The next day, Pacific Life sent a letter to BB & T, to Koczot’s attention, stating that it had “been advised by John Hancock Life Insurance Company (U.S.A.) that your Pacific Life Policy may be replaced,” and provided contact information should BB & T “decide to keep your existing policy and cancel your surrender request.”

Pacific Life also sent a letter to John Hancock, acknowledging receipt of the 1035 request. However, Pacific Life stated that the request was incomplete because Pacific Life “require[d] the signature *406 of a corporate officer for Branch Banking & Trust Company, as trustee to include title and corporate seal or notary.” This letter also stated that Pacific Life “will process the exchange effective the date the final requirement is received.” This requirement of a “title and corporate seal or notary” derives from the PL Policy’s requirement that a surrender request be a “written request” which is defined as “request in writing signed by you that is satisfactory to [Pacific Life] and filed at its Home Office.” It is Pacific Life’s position that because it did not have records containing Koczot’s signature, it needed the “title and corporate seal or notary” requirement in order to effectuate the 1035 Exchange, i.e. in order for the documents to be “satisfactory” to Pacific Life.
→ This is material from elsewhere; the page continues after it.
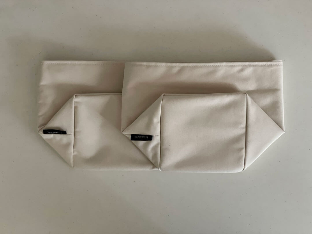 少しくらいパンパンに詰めても、布製だから中のモノの形にぴったり馴染んでくれる融通の良さ。

On September 16, 2008, John Hancock sent an email to a BB & T employee, who was not involved in the 1035 Exchange, informing them of the additional requirement. The correspondence, which the district court correctly described as “cryptic,” stated that there are “Requirements Needed for Policy Issue” and stated: “A letter was sent to JH & rec’d on 9/16 requesting the officer’s signature either be notarized on the 1035 form or a Corporate Seal w/ the Officer’s signature & title.” The email also stated that these requirements would be needed to obtain the “1035 Funds.” Unfortunately, Arthur Swain Beard, who was responsible for the 1035 Exchange internally at BB & T, should have received the notification from John Hancock. He did not.
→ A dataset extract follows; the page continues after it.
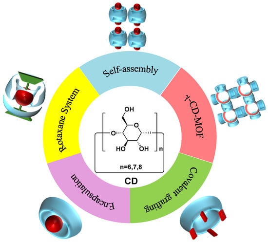 Supramolecular assembly usually involves non-covalent interactions such as hydrogen bonding, van der Waals forces, and π-π stacking between molecules, enabling host and guest molecules to form stable structures with specific shapes and functionalities under appropriate conditions []. The supramolecular assembly has been used as an efficient strategy for the construction of CPL materials. For example, cyclodextrins (CDs) are natural macrocyclic structures formed by linking six, seven, or eight D-glucose molecules via α-1,4 glycosidic bonds, called α-, β-, and γ-CD, respectively, which feature a hydrophobic inner cavity and hydrophilic outer surface and have the ability to form inclusion complexes with numerous organic and inorganic compounds, thereby bringing about diverse assemblies with specific properties and functions []. With the extensive applications in the fields of chemistry and biology, CDs hold significant potential for a wide range of industrial applications [,,].

On October 1, 2008, BB & T personnel, including Koczot, contacted Pacific Life via telephone to inquire as to the status of the 1035 Exchange. During that phone call, Pacific Life informed Koczot of the signature/seal requirement. After the phone call, BB & T added a notary block and a corporate seal to Koczot’s signature in the 1035 Exchange Document.

BB & T did not immediately submit the 1035 Exchange Document containing the notarized signature of Koczot to Pacific Life. In the interim, BB & T also requested that Pacific Life process the surrender request as of the September 9, 2008 receipt date. Pacific Life refused.